▶ [TASK INPUT]
================================

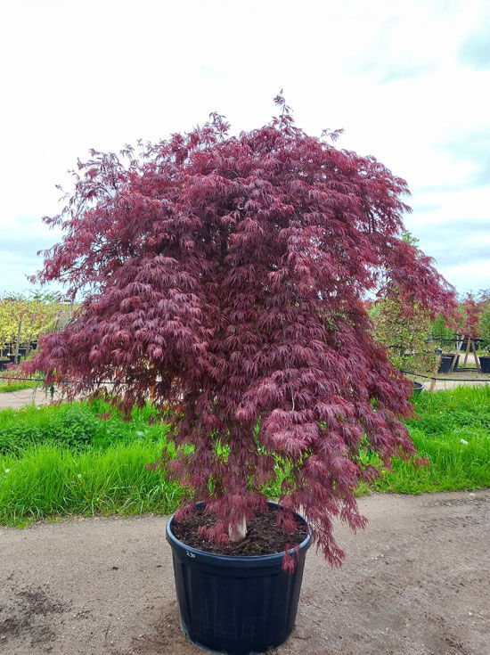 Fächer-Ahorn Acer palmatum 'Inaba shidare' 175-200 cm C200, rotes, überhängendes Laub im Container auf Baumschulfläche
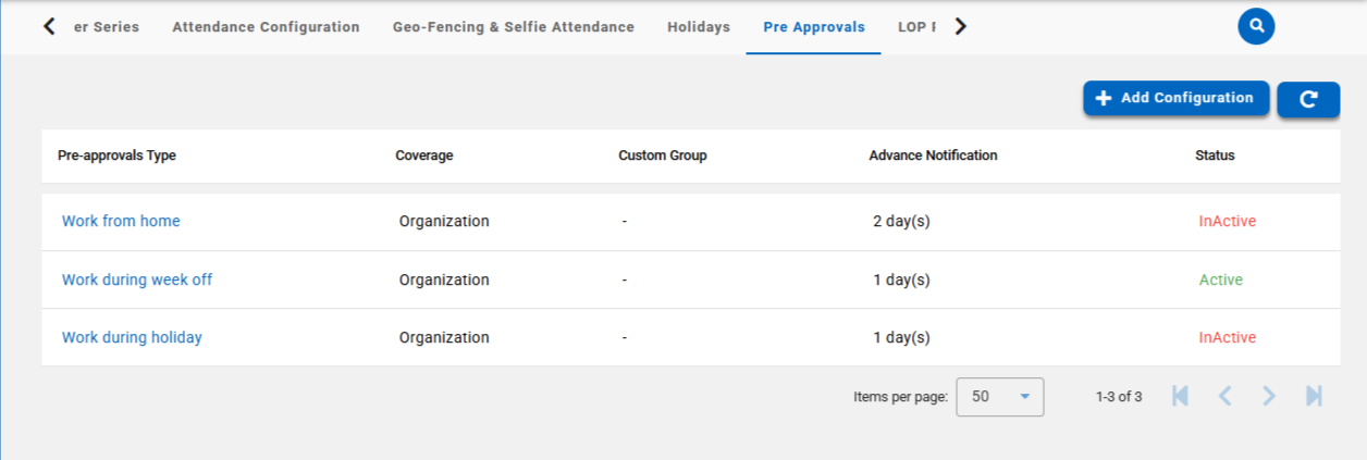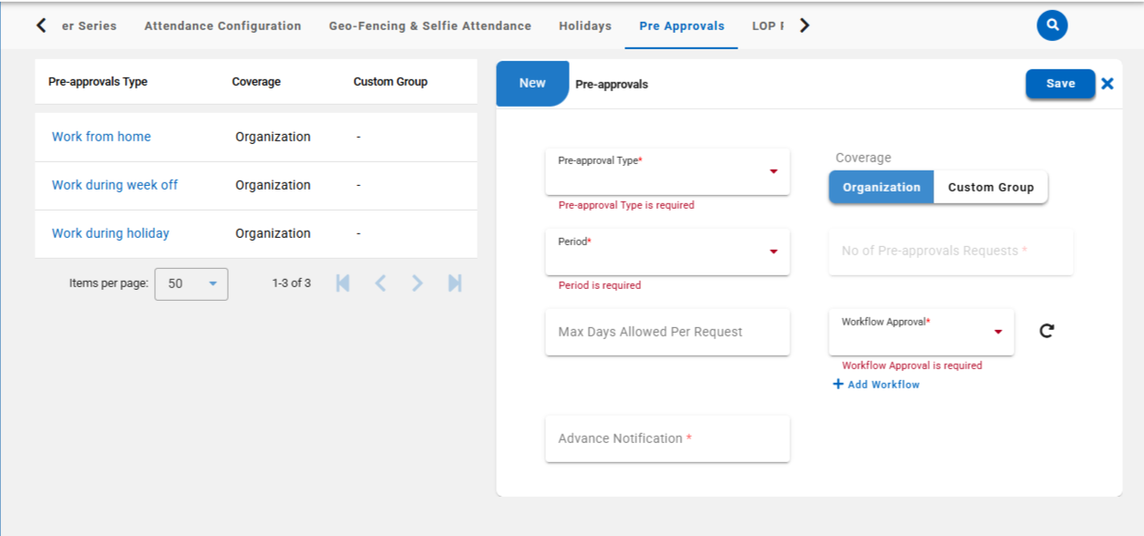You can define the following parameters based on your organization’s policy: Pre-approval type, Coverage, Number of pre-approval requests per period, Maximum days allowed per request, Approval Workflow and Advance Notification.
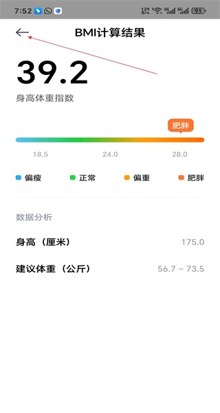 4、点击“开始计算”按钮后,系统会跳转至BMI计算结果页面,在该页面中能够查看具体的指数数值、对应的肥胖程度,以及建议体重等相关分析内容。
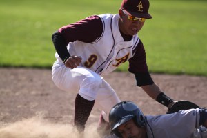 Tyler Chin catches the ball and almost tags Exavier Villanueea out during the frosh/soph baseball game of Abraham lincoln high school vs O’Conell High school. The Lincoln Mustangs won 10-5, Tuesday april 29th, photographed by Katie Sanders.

================================

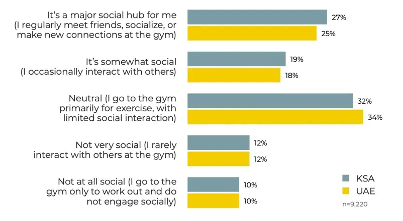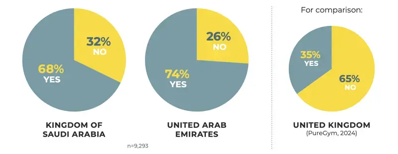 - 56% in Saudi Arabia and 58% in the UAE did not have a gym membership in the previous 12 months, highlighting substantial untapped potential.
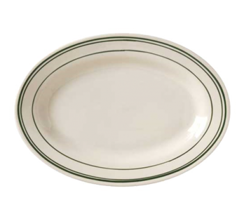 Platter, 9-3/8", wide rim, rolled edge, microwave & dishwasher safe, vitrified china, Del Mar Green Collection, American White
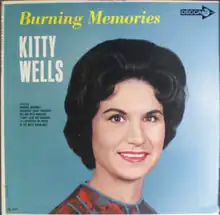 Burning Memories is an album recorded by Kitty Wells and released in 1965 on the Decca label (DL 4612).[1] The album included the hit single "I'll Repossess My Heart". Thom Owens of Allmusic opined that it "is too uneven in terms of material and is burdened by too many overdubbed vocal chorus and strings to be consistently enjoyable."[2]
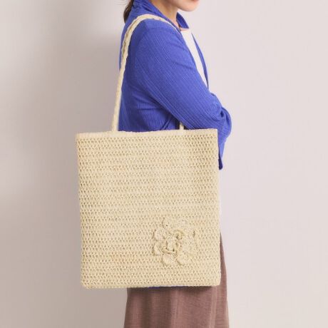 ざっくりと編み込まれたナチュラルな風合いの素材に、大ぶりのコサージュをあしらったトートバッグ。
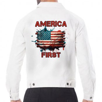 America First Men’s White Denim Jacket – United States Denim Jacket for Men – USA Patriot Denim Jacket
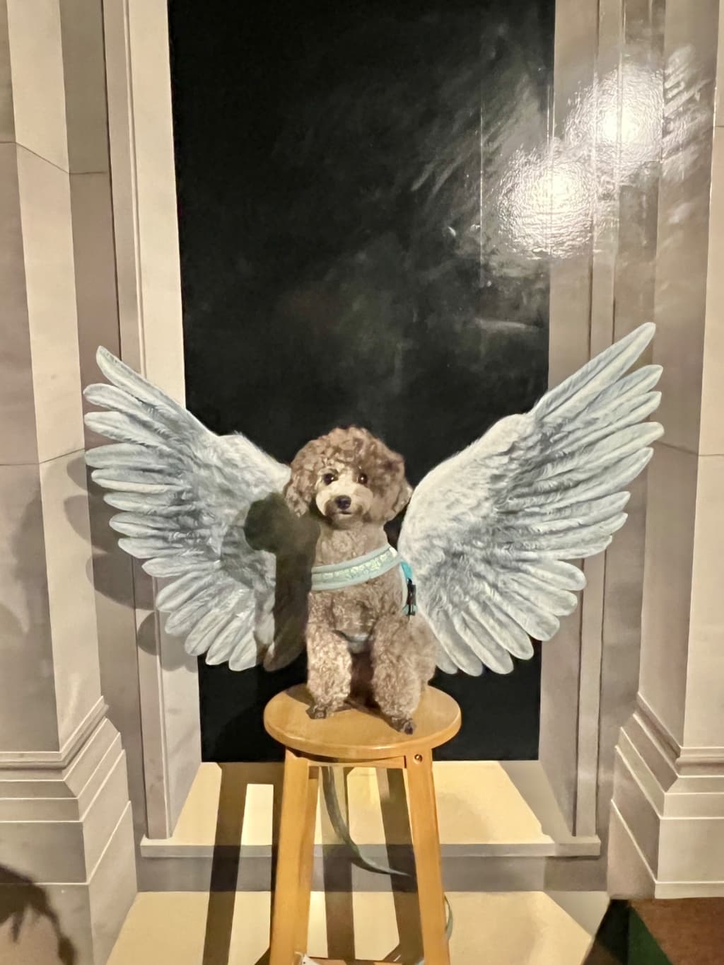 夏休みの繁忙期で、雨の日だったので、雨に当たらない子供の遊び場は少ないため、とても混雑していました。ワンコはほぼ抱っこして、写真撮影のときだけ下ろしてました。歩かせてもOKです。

================================

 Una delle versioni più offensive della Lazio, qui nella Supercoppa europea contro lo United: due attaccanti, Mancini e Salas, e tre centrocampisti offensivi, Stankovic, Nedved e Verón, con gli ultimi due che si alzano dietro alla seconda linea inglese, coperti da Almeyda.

================================

▶ [WHAT NEEDS TO BE DONE] Only the lines starting at the one that includes "ざっくりと編み込まれたナチュ" and ending at the one that includes "夏休みの繁忙期で、雨の日だっ" should be retyped, exactly, from the records above; no pictures.

▶ [WRITTEN RESPONSE]
 ざっくりと編み込まれたナチュラルな風合いの素材に、大ぶりのコサージュをあしらったトートバッグ。
 America First Men’s White Denim Jacket – United States Denim Jacket for Men – USA Patriot Denim Jacket
 夏休みの繁忙期で、雨の日だったので、雨に当たらない子供の遊び場は少ないため、とても混雑していました。ワンコはほぼ抱っこして、写真撮影のときだけ下ろしてました。歩かせてもOKです。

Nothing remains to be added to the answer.